Under the guise of talking about something highfalutin’ and intellectual like ‘art’, the writer, Yasmina Reza (translator, Christopher Hampton) leads us, as subtly as you like and as if it were the most natural thing in the world, into the terra incognita of male friendships. The plot itself is a simple one: one of a group of three friends lays out and eye watering wedge for a painting that looks pretty much like the unadulterated canvas on which it has been applied. This act of apparent lunacy leads the three chums into the world of the usually unsaid.

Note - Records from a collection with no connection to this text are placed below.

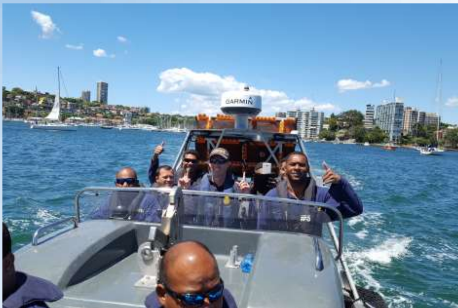
Vessel search participants head out to sea.

The Australian Border Force hosted an “International Craft Search Course” in Sydney from 05-09 December 2016 which was attended by 5 immigration officers from the Federated States of Micronesia, French Polynesia, Kiribati, Samoa and Tonga. This was the first time that immigration officers from the Pacific participated in the international pleasure craft search course. The inclusion of the immigration officers was supported by the Pacific Immigration Directors Conference (PIDC) as it provided immigration officers an opportunity to learn the investigative techniques of customs led vessel searches in addition to networking amongst participants. The officers agreed that the highly intensive training course enabled officers to acquire new investigative skills and techniques and highlighted the need for coordinated planning and officer safety. Participant immigration officers highly recommended continued participation of other immigration departments for any future training opportunities.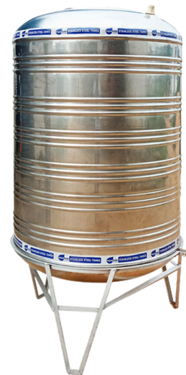
250/500/1000 Ltr SS Tank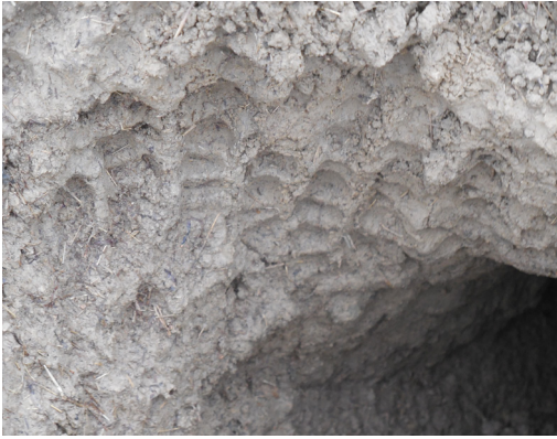
Figure 11: A crater mound formed in moist soil. Note the nose prints made in side of mound when the prairie dog compacted the soil.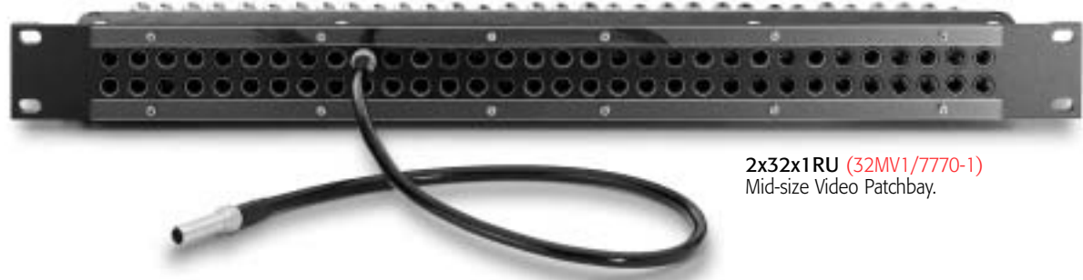
2x32x1RU (32MV1/7770-1) Mid-size Video Patchbay.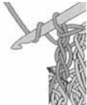
1tr in base loop of bptr

2 nd rnd: 1dc in next tr, *2ch, 3tr in 1chsp, 2ch, miss 1tr, 1dc in next tr, rep from * twice more, 2ch, 3tr in 1chsp, 2ch, slst in first dc.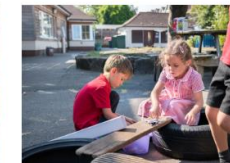
How to help with the wider curriculum

You can also find information about how to help your child .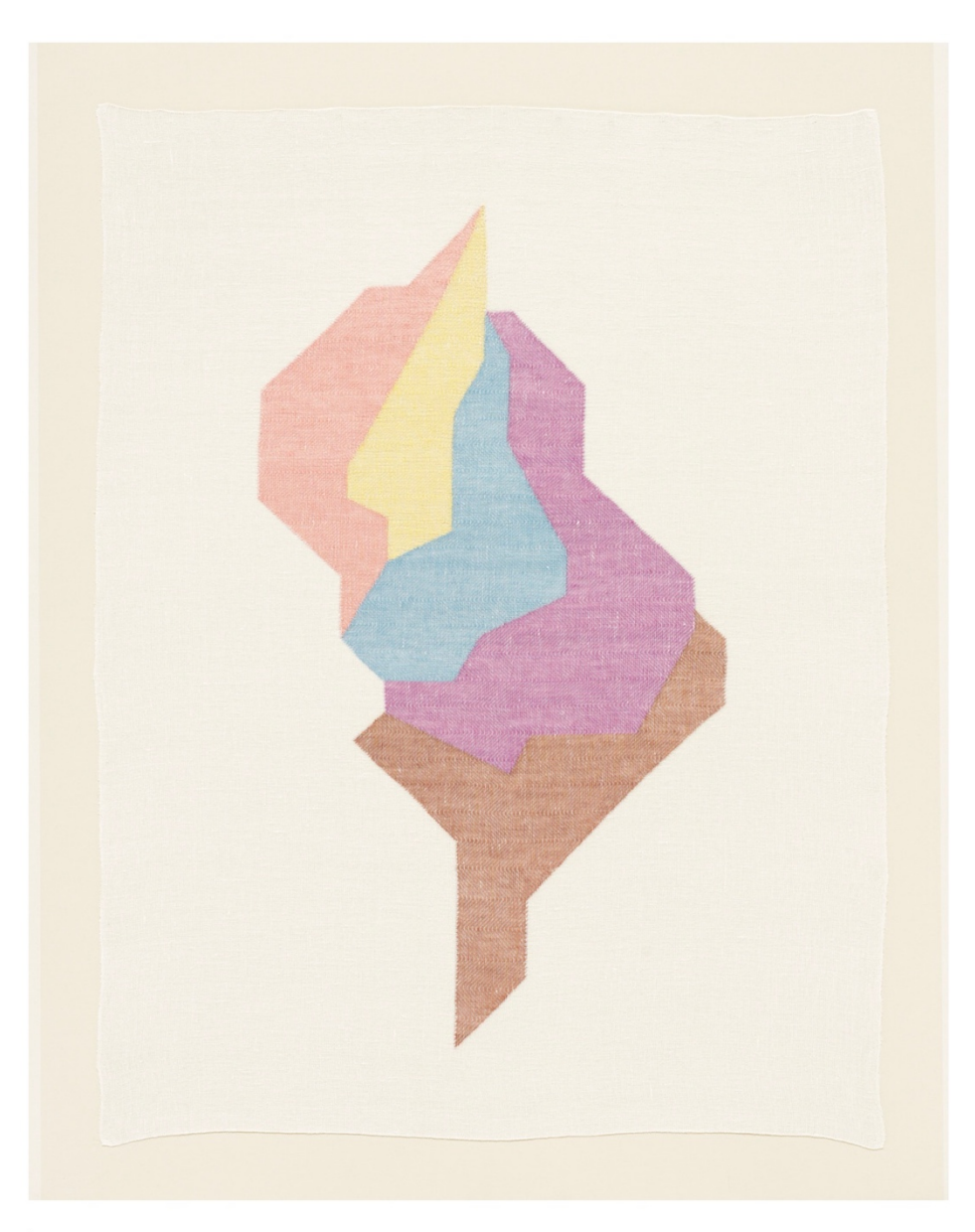
Ruth Laskey's "Twill Series (Aggregate 3)," 2021.

1150 25TH ST. SAN FRANCISCO, CA 94107 tel: 415.576.9300 / fax: 415.373.4471 www.altmansiegel.com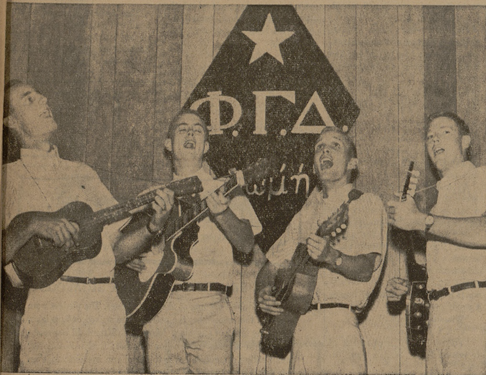
The Suvans from Texas Tech... quartet singing folksongs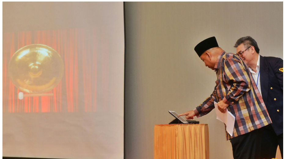
The Minister of Communications at the opening ceremony of the 4 th International Neural Network Society Symposia Series at the Parkview Hotel.

"We are fortunate to be able to witness the fastest and most fascinating in the development of technology, especially in the ICT sector. Brunei Darussalam does not want to be left behind and the symposium would enable us to engage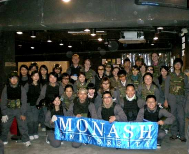
◀ The war game team members took a group photo.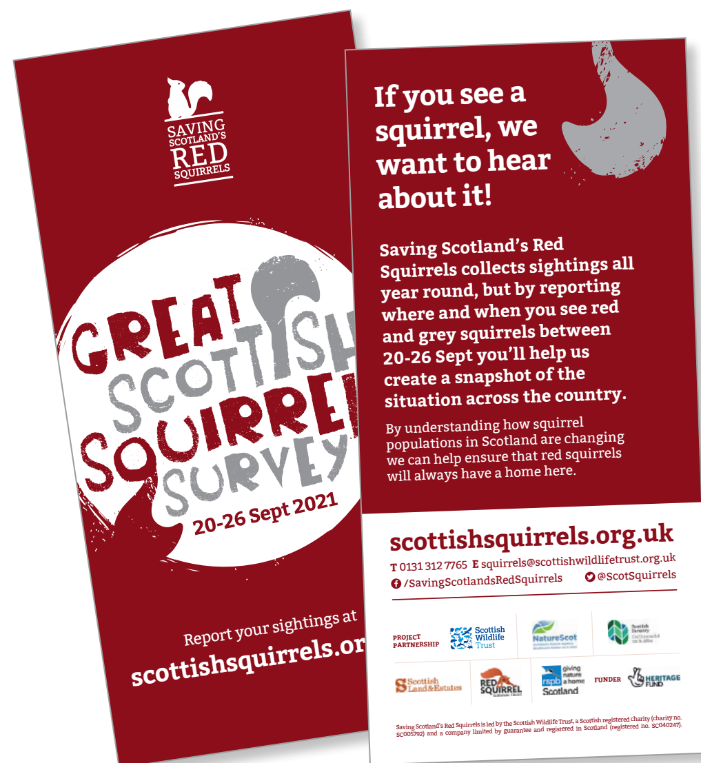
Great Scottish Squirrel Survey flyer

The following printed materials are available to order, for display in visitor centres and other community meeting places.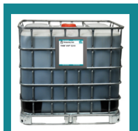
270-gallon tote SKU: VHPE210-270G UPC-12: 641238034285

TRIM ® VHP ® E210 | ©1993-2026 Master Fluid Solutions ® | 2026-05-13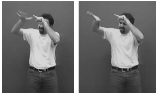
Figure 4. FALLING-LEAF-(FROM-BRANCH)

that in discourse classifiers display a particular kind of dynamic imagic iconicity . The visual features of these forms, and especially the handshapes, can be related to a particular semantic feature of a denotatum in many different ways. We have already noted that in the lexicon the semantic spectrum of a particular handshape may cover different meanings. The semantic spectrum of certain handshapes can be further extended in discourse and acquire particular meanings. An example from a signed narrative will help illustrate this point: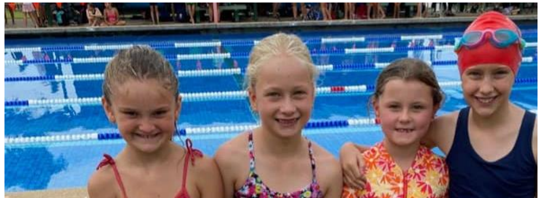
Relay teams for the District Carnival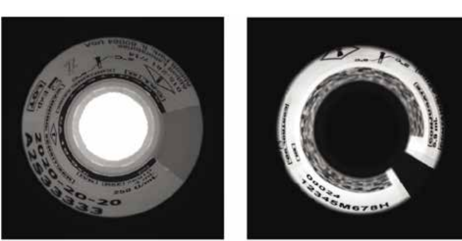
Verifying a label wrapped around a vial captured with one of Opto Engineering's 360° lenses

→ lenses, with a field of view of 7.5 to 55mm and from 5 to 20mm in height, in combination with an Opto ring light. Panagia said that Xyntek sent vials of different sizes, tall bottles around 75mm and smaller vials 40mm tall. For the shorter bottles, the lens setup could capture a single image of the entire sample by maximising the depth of field and imaging at an exposure time of 8ms. The lens, however, couldn't capture the entire label in one shot on the larger bottles, so Opto suggested imaging from the top and bottom.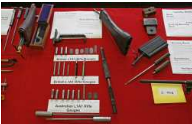
L1A1 Rifle Gauges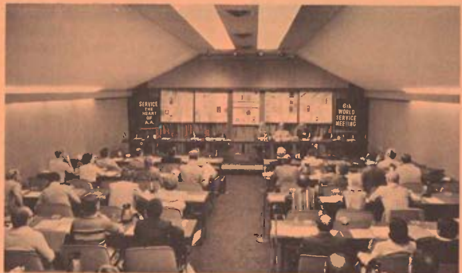
Some World Service Meeting delegates are nonalcoholics, like the three panelists here.

A striking fact that emerged was the similarity of growth patterns in different places, nearly (continued on p. 2)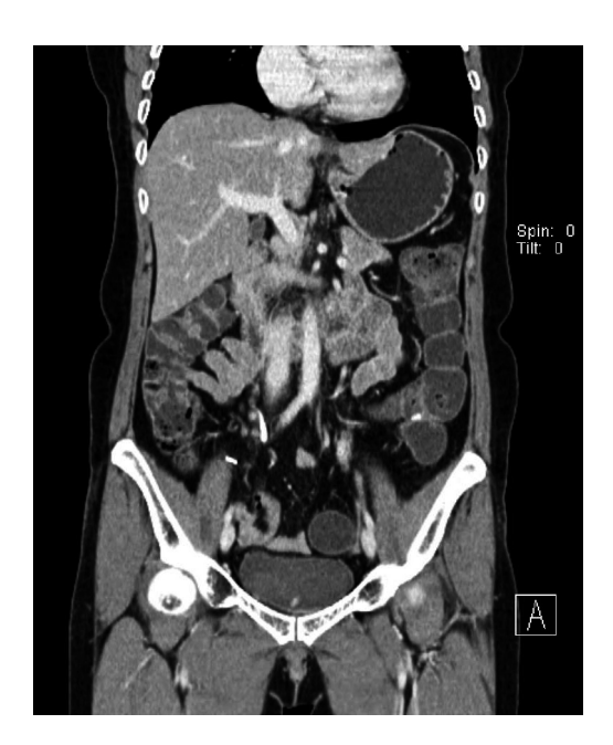
Fig. 4. No abnormal lesion was observed after 1-year follow-up.

Pathological examinations were performed for the resected colon. Histologically, numerous eggs of F. hepatica were noted with acute and chronic granulomatous inflammations in the subserosa and pericolic adipose tissues of the sigmoid colon and descending colon. Necrotic cysts and abscess formations were observed around the granulomas. Eosinophils showed diffuse infiltrations in the subserosa, and scattered eosinophils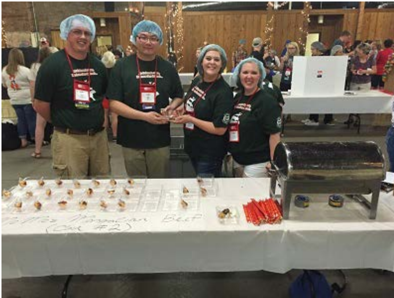
People's Choice Award: Oklahoma State University – Baquito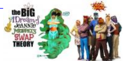
The Three World Reality Crash by Dragondack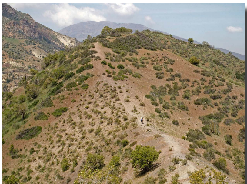
Figure 10. Pierfilippo on path to hilltop at Mirador de Los Tres Valles.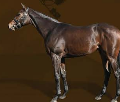
Filly ex Stellar Glow Sold for 280,000gns to Daithi Harvey / Highland Yard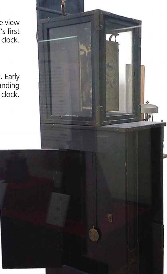
Figure 6, far right. Early Japanese floorstanding

Traditional Japanese clocks indicated the hours according to the old system of 6-day and 6-night hours, lengthening and shortening seasonally. Some featured adjustable sliding hour indicators; others switch daily between two foliot escapements. Examples of both methods could be viewed at the museum. This system lasted until 1873 when Japan converted to the European method of 24 equal hours per day. Striking also was different with hours counted on bells ringing from nine to four, with nine dings announcing midnight and noon. These clocks appear occasionally at auctions in this country (Figures 6 and 7); several were offered at the Skinner auction in Marlborough, MA, this past April. The article about this auction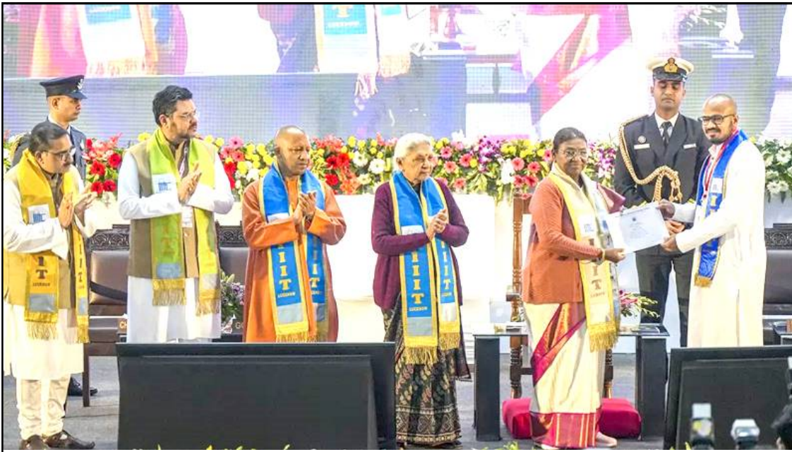
Tir Droupadi Murmu, Uttar Pradesh Angh Anandiben Patel, Chief Minister Yogi Adityanath aser tanga ketdangsütem Lucknow nung India Institute of Information Technology convocation sentong nung shilem agiba noksa nung angur.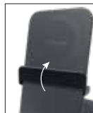
1. Flip shelf to up position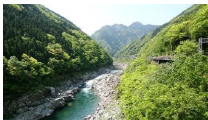
Countryside of Oboke Kobo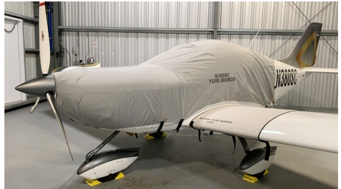
Czech Sport Travel Light Weight Canopy/Engine Cover, Wing Locker Covers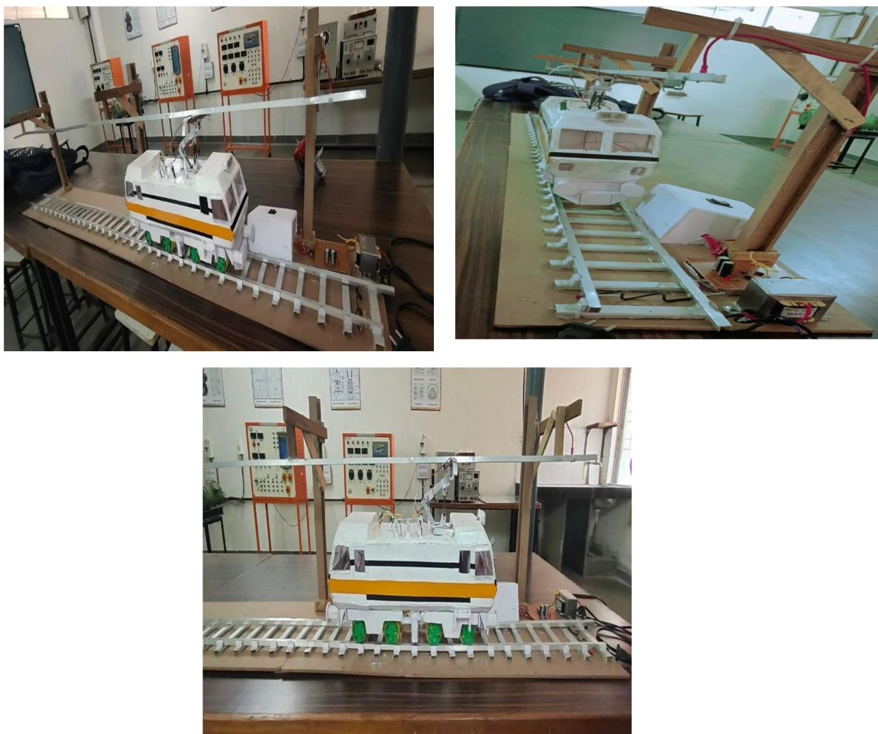
Fig.3 Hardware Implementation

The locomotive receives energy through overhead cables carrying AC (alternating current). The power station that generated the necessary electricity is where these wires are attached. The pantograph, which touches the overhead line and collects electricity, is powered by an alternating current that is converted in the first stage by a transformer from 230 volts to 24 volts in the overhead line. A circuit breaker is used to protect the locomotive from short circuits and overloaded currents. A single-phase ac engine is converted, and the output current is transferred from the circuit breaker to a rectifier, where it is converted to direct current (DC). The DC is then used to control the traction motor connector to the wheel, which is powered by the traction motor.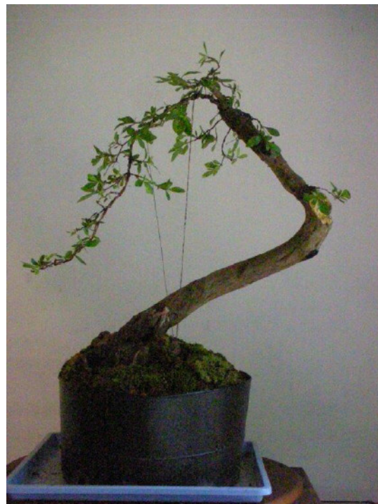
It's on its way with a good start.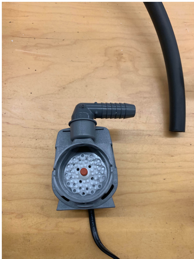
Pump motor block with impeller. Note the red bushings in place on both ends. Don't lose these!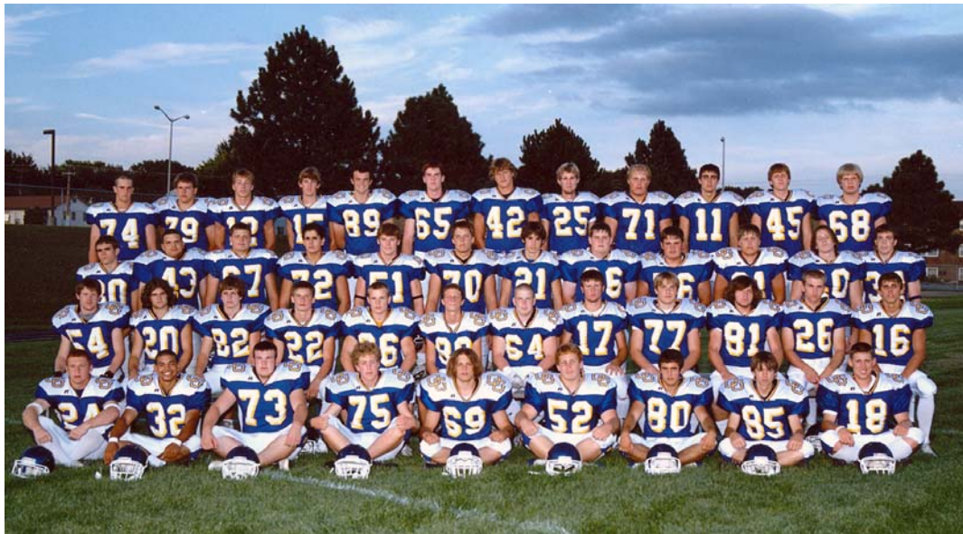
State Class "AA" 11-man Champions: Sioux Falls O’Gorman Knights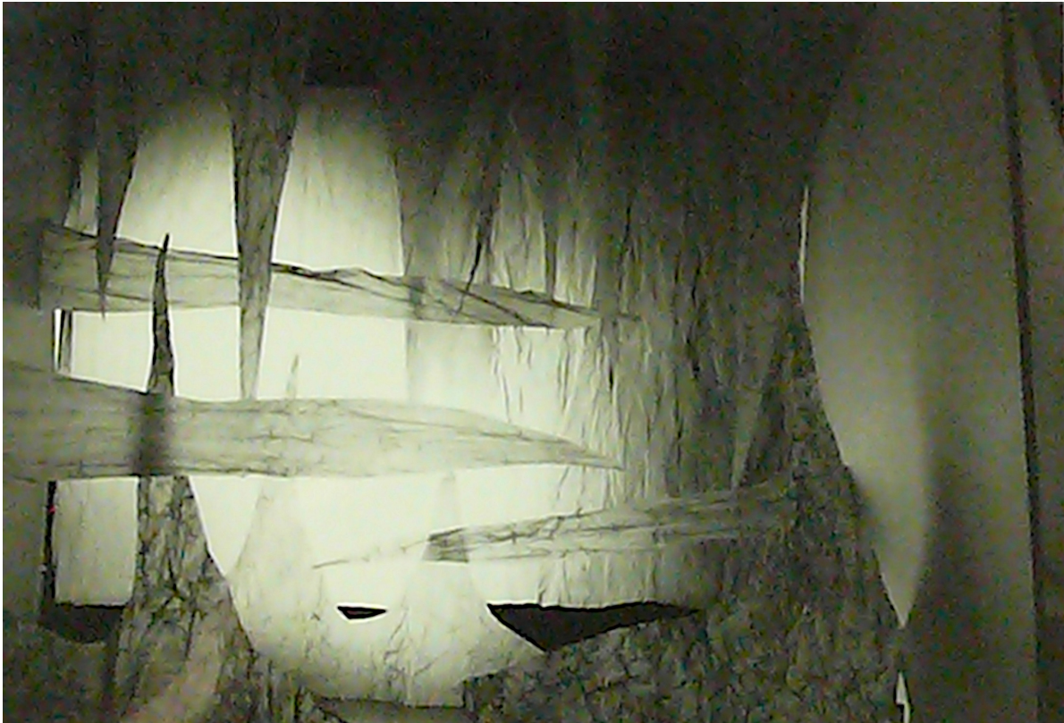
Fig. 5. Spatial composition on the theme: Dream vision of a Finnish landscape made by the second year student Tarja Väättäin in Eeva Ijäs's class 1987.

ply 'Scenography I', which became the cornerstone for the education. It was informal teaching that consisted of designs for imaginary productions – so-called paper-projects – and small-scale free-form assignments. 77 For instance, the students were told to construct a space that was a dream vision of the Finnish landscape into a small box using only one material. Otherwise they had free hands. 78 Ijäs recalled that she tried to avoid illustration and simple realism. The leading idea was to conceptualize one's thoughts so that they could be displayed in visual and spatial form: "For example, I tried to explain to students how power is manifest in Richard III , and how that could be made perceivable in the scenery." 79

The inevitable sniggering and uncomprehending gawping soon takes us into questions of motives. Is it an act of self-deluded folly, self-opinionated arrogance, a crie de cœur of identity or simply bravado? An analogy for the ensuing tensions and bickering might be if one of a group of, say, three Spurs supporters out of the blue announced he was transferring his allegiance to Arsenal. There would inevitably be a sense of confusion and betrayal; the unwritten, unspoken bonds that help define the relationship would be sorely tested; questions would be asked, fingers pointed.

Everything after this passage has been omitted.